2013 ASHS Annual Conference
16177:
Tomato Genotype-specific Biomarkers under Salinity Stress
16177:
Tomato Genotype-specific Biomarkers under Salinity Stress
Monday, July 22, 2013
Desert Ballroom: Salons 7-8 (Desert Springs J.W Marriott Resort )
Salinity stress is increasing becoming an important research domain. The development of improved salt tolerant crops is urgently needed to face limitation in water resources, salinity accumulation in irrigated soils, and agricultural expansion to marginal areas. In this study, the expression profiles were investigated for three advanced tomato lines (salinity susceptible genotype L46, salinity tolerant genotype L56, and salinity intermediate genotype L66) and one salinity tolerant genotype as reference (BL 1076). The generated data were analyzed in a way to pinpoint genotype-specific biomarkers. Genotype L56 revealed prominent over-expression of major unique gene cluster over other genotypes under salinity stress, which include AP2 erf domain-containing transcription factor (Pti5), NAC domain protein, calmodulin binding, and osmotin-like protein with 422.6, 59.7, 45.8, and 45.1 fold, respectively. The LesAffx.70722.1.S1 (type-a response regulator) was found to be expressed mainly in root and hypocotyl, while Les.4483.1.S1 (NAC domain protein) was found to be expressed mainly in cotyledon and fruit. Two tomato responsive genes were found to be unique based on phylogenetic analysis. The tomato genes encoding xyloglucan endotransglucosylase-hydrolase XTH3 and salt responsive protein 1 did not cluster with any formed clade of related plant homologs.
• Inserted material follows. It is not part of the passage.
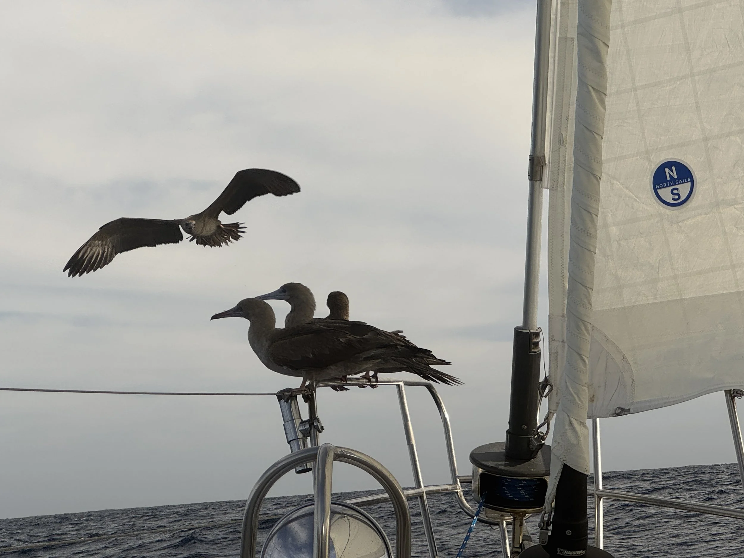 By 3 p.m., conditions had mellowed enough for Dylan to drop in the fishing lines, though no action followed. As the afternoon faded, we began preparing our “travel meal”—a comforting pot of chili, while the juvenile boobies provided us with “TV entertainment” as they played an enthusiastic game of king of the hill. After a flurry of jostling, squawking, and downright dirtiness, the alpha male claimed the prime rail space, inviting only a couple of his chosen companions to remain for the overnight passage.

The revealed salinity stress biomarkers can be either beneficial or damaging to the stressed plant. Beneficial biomarkers are desired as they are part of tolerance mechanism against the salinity stress. The damaging biomarkers are undesired as they accelerate plant senesces and reduce growth. Both biomarkers can be implemented in the breeding program, where one can select for the beneficial over the damaging ones. Thereafter, the beneficial biomarkers can be combined in one line by crossing and further selection.